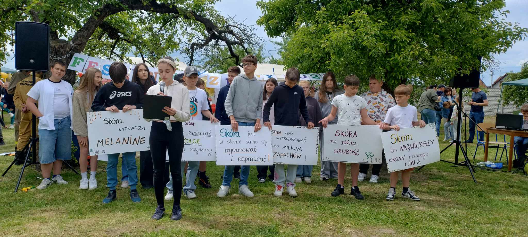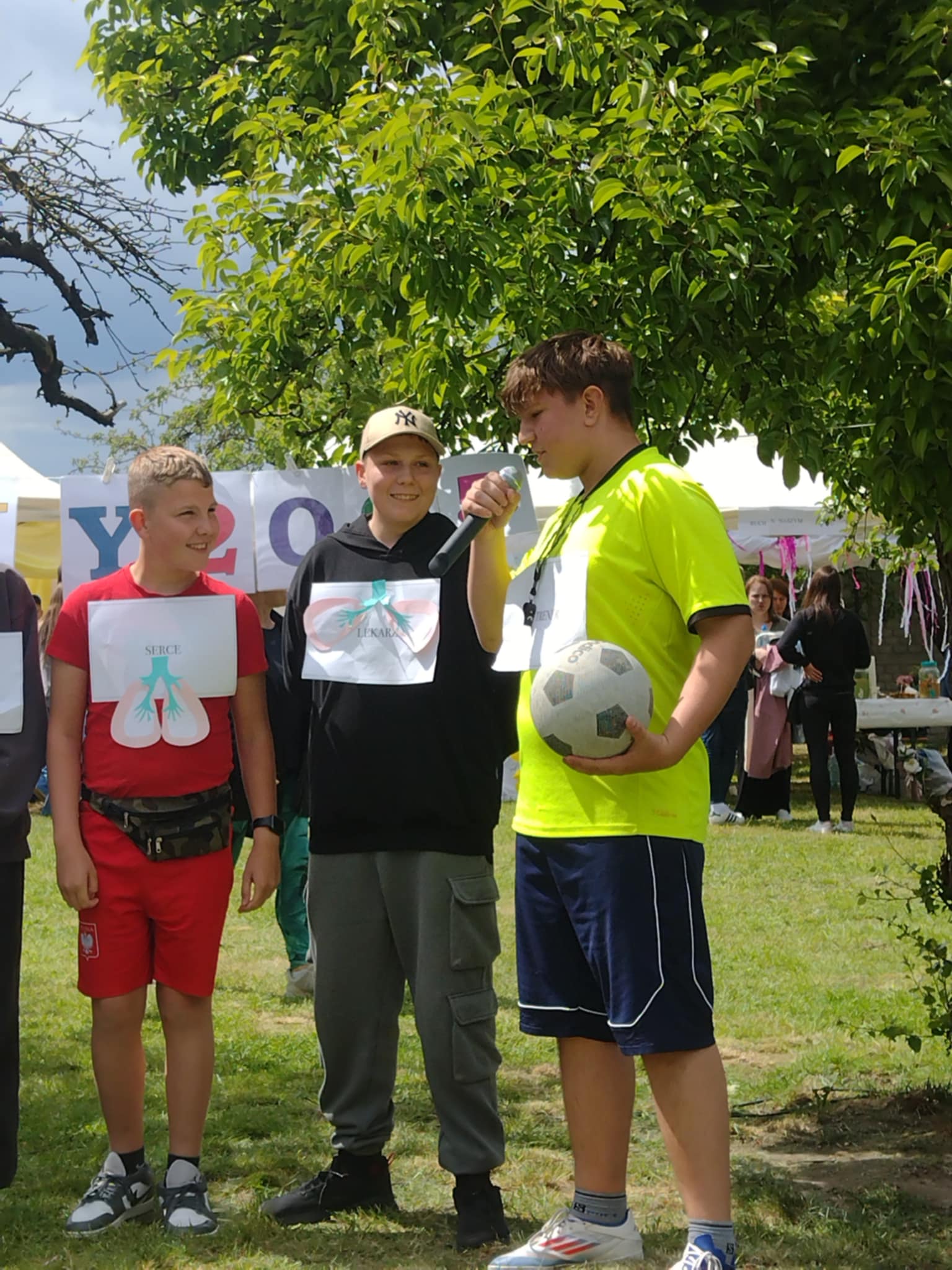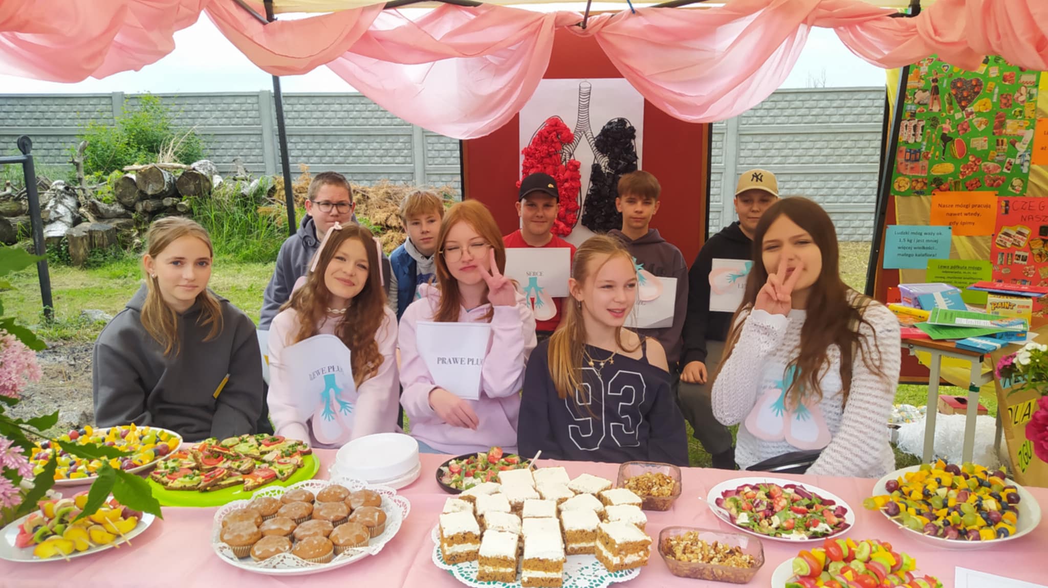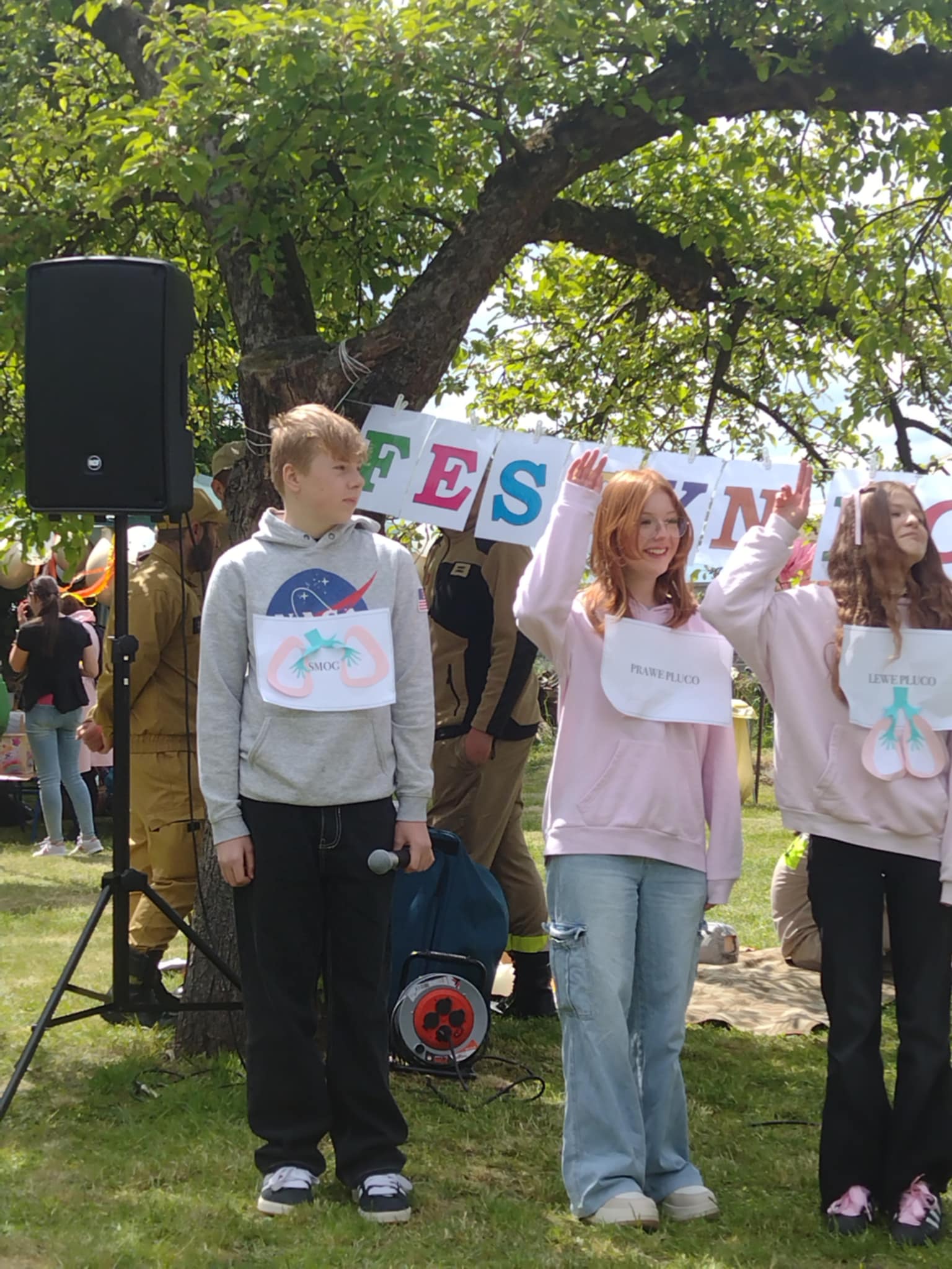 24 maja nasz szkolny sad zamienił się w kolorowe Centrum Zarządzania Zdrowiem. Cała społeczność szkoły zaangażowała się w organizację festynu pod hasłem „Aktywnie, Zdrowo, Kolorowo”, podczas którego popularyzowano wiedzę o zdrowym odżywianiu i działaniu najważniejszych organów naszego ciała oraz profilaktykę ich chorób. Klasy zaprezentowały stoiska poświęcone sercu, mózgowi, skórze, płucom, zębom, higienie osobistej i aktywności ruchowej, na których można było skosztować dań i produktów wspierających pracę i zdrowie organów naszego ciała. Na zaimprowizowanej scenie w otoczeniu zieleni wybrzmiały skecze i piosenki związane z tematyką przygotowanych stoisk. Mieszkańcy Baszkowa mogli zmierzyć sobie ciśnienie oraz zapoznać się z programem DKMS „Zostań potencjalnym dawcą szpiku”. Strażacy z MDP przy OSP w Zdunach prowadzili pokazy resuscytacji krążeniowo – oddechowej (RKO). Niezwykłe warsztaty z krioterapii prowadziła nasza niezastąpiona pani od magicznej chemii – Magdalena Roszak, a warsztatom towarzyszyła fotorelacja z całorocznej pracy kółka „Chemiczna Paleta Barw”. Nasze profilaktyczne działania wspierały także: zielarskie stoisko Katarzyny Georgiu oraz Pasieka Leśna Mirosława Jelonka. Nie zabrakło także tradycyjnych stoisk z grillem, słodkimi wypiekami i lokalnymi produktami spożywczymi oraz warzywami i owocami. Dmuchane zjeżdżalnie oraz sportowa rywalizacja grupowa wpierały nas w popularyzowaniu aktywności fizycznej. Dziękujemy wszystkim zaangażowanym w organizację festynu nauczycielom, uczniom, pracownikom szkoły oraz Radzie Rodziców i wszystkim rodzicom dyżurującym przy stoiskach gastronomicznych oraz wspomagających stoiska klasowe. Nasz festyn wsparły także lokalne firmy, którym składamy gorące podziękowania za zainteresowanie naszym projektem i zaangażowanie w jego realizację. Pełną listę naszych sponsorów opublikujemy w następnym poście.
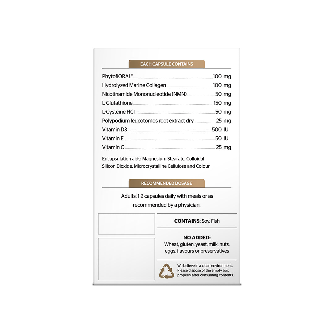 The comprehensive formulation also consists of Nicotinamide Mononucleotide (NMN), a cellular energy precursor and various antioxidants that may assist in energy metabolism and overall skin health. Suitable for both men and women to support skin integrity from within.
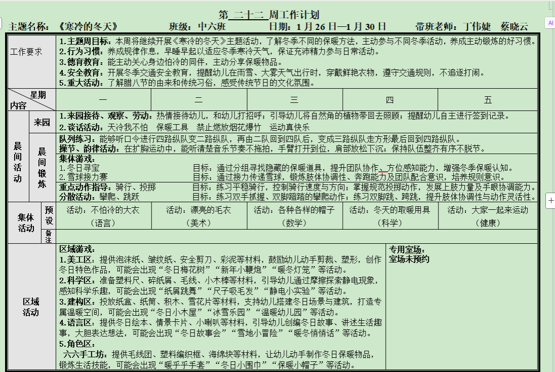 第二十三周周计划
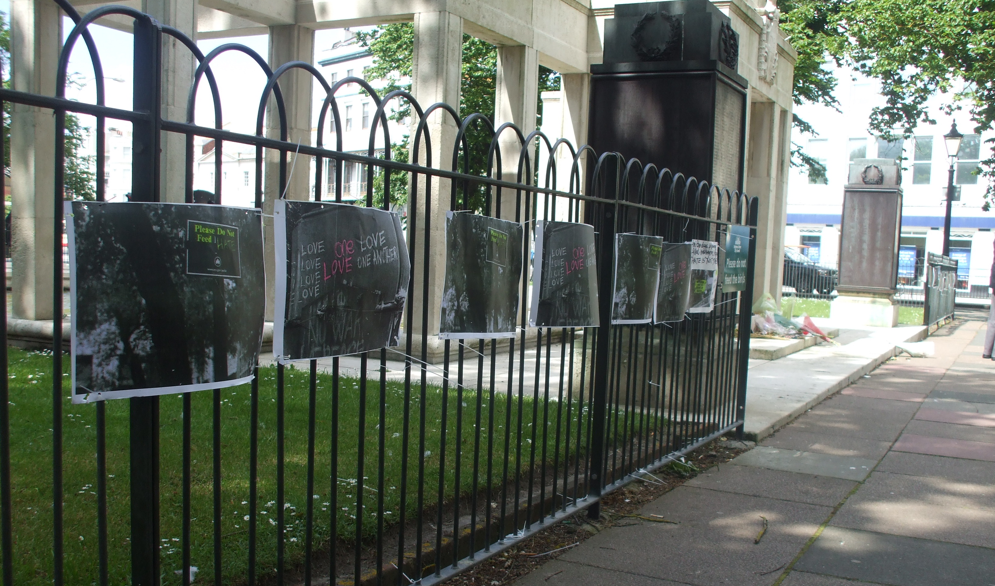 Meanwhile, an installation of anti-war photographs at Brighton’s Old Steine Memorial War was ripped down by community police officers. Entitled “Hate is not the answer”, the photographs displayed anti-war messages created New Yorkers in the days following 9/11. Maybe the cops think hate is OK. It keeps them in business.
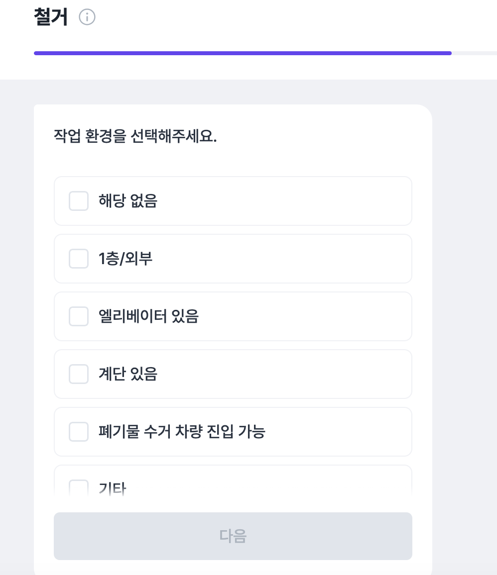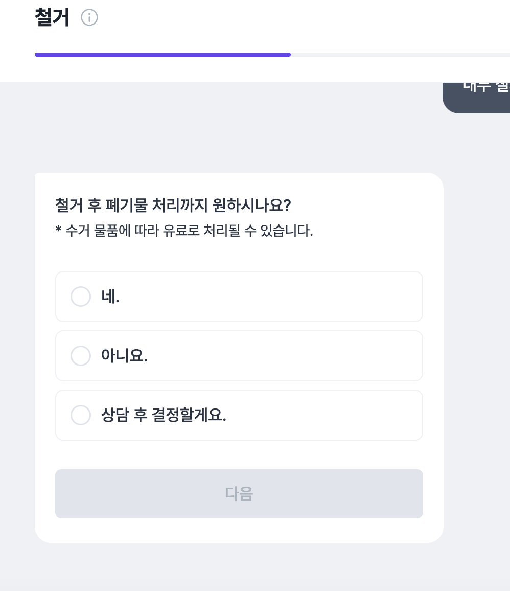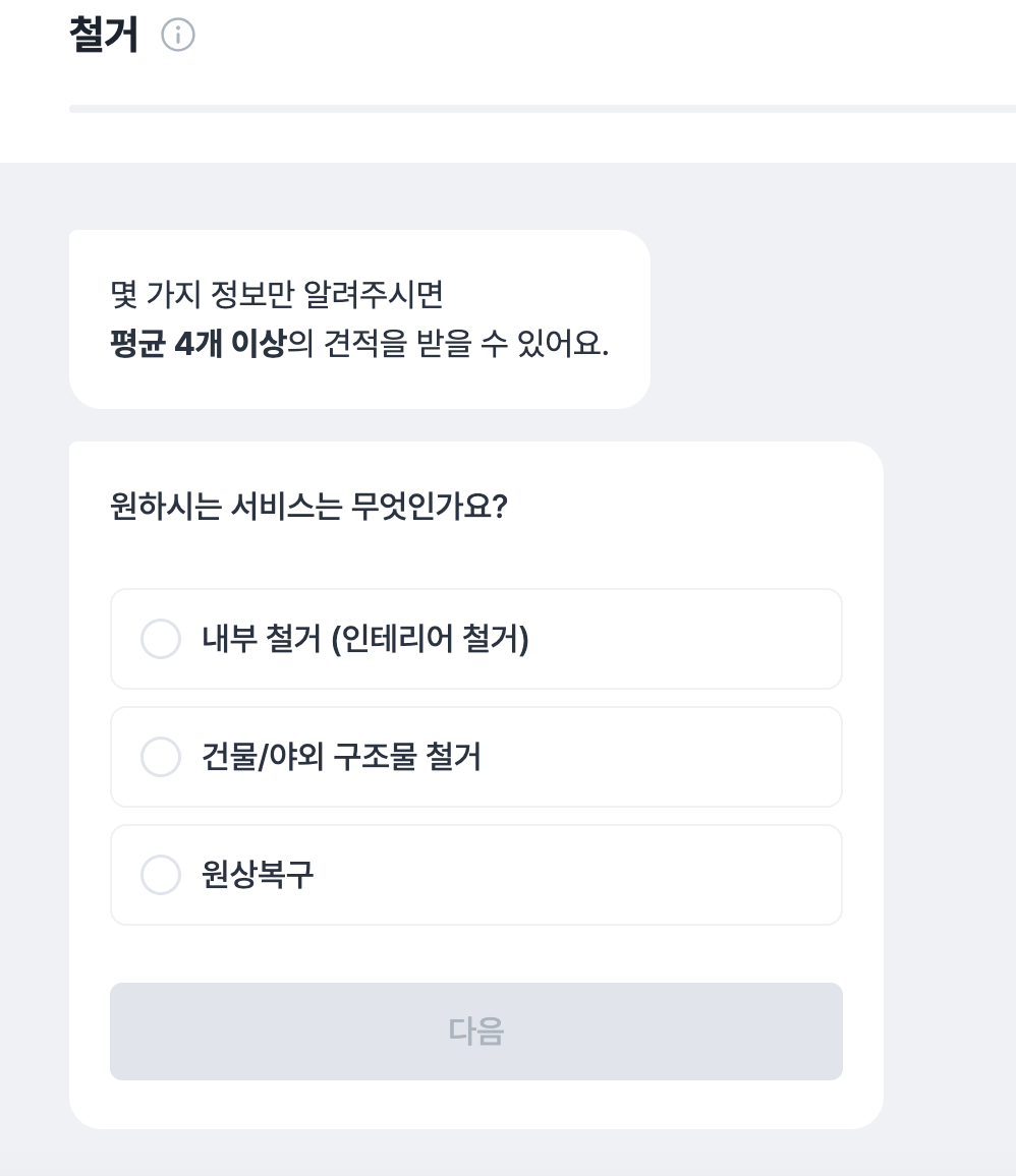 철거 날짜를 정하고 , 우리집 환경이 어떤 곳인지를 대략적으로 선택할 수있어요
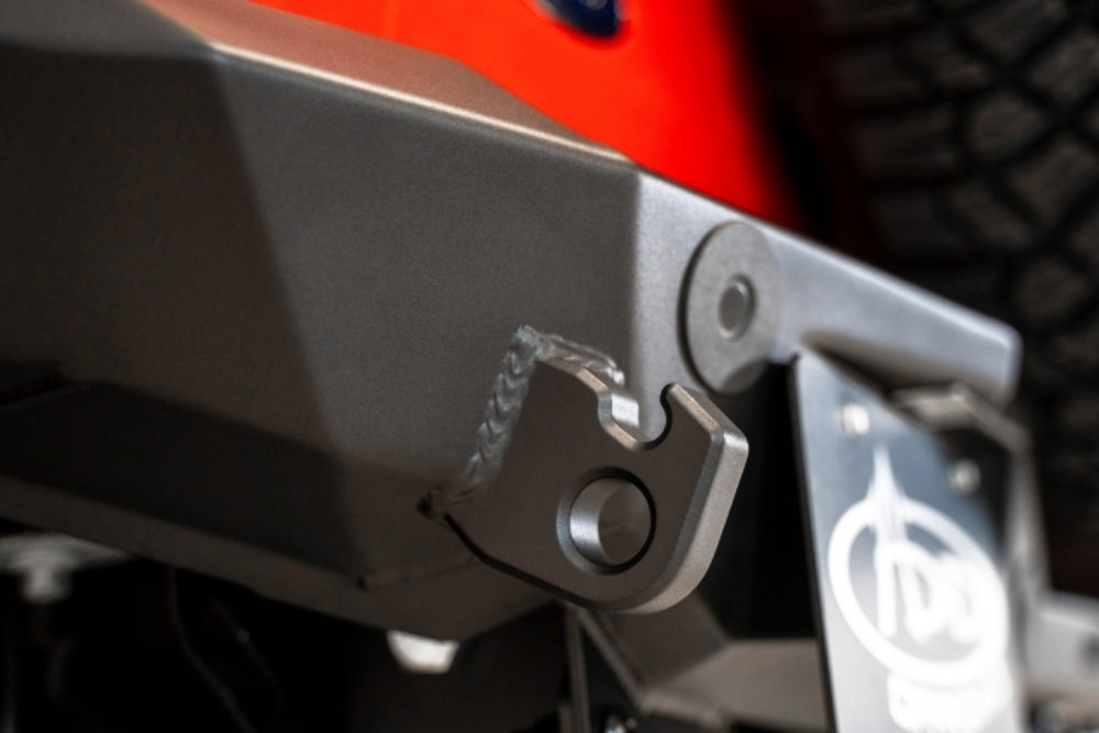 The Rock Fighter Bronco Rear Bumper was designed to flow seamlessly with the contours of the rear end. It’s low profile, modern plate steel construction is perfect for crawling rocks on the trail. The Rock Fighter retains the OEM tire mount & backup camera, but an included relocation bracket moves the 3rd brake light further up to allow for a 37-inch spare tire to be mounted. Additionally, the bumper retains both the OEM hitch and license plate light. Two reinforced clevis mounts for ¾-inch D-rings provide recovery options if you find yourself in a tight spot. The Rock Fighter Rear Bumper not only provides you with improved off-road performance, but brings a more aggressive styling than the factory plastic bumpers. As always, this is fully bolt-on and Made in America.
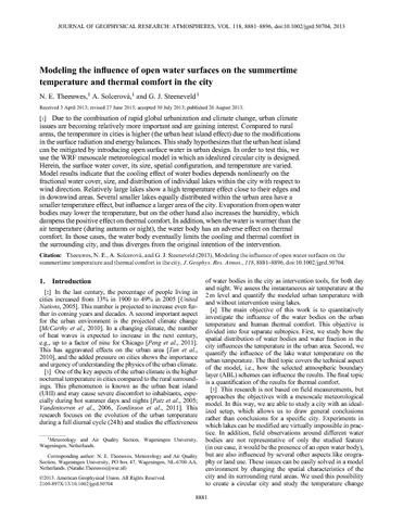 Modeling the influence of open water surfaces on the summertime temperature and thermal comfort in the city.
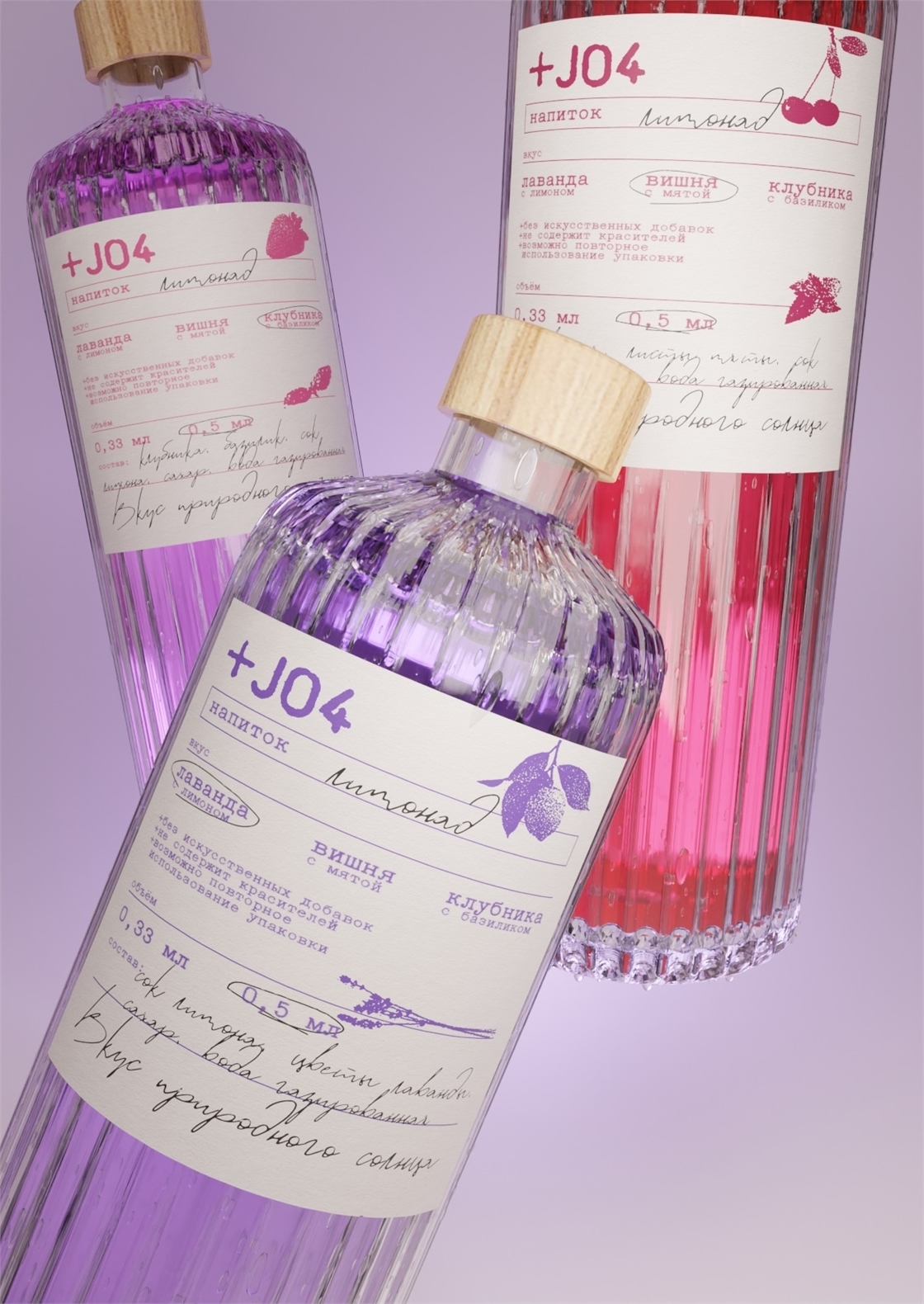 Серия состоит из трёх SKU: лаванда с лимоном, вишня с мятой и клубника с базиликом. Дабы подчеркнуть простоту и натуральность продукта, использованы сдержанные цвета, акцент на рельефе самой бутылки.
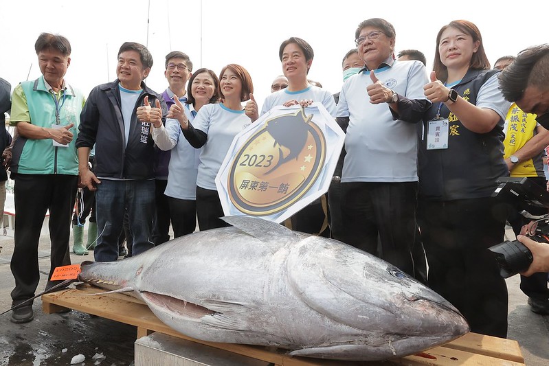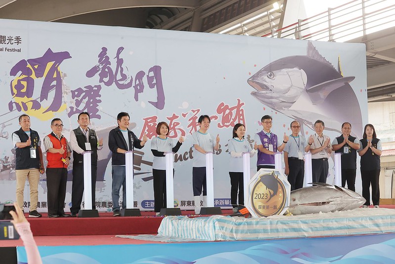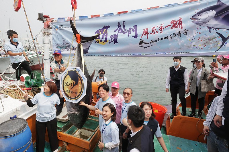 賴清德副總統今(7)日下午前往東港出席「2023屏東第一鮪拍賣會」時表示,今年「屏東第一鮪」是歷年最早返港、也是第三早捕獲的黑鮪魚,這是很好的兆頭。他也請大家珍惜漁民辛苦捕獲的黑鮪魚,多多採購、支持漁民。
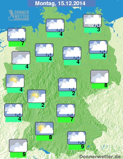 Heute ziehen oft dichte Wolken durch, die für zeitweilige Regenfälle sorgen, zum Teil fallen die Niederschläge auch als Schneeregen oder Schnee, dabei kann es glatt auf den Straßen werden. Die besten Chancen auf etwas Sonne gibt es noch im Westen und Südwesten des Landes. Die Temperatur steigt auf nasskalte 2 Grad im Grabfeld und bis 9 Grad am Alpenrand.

☆ ☆ ☆ ☆ ☆

EXERCISE REQUIREMENTS →
Reproduce word for word the lines from the line holding "Серия состоит из" through the last line of the material above, inclusive, and keep pictures out of it.

OUTPUT BELOW →
 Серия состоит из трёх SKU: лаванда с лимоном, вишня с мятой и клубника с базиликом. Дабы подчеркнуть простоту и натуральность продукта, использованы сдержанные цвета, акцент на рельефе самой бутылки.
 賴清德副總統今(7)日下午前往東港出席「2023屏東第一鮪拍賣會」時表示,今年「屏東第一鮪」是歷年最早返港、也是第三早捕獲的黑鮪魚,這是很好的兆頭。他也請大家珍惜漁民辛苦捕獲的黑鮪魚,多多採購、支持漁民。
 Heute ziehen oft dichte Wolken durch, die für zeitweilige Regenfälle sorgen, zum Teil fallen die Niederschläge auch als Schneeregen oder Schnee, dabei kann es glatt auf den Straßen werden. Die besten Chancen auf etwas Sonne gibt es noch im Westen und Südwesten des Landes. Die Temperatur steigt auf nasskalte 2 Grad im Grabfeld und bis 9 Grad am Alpenrand.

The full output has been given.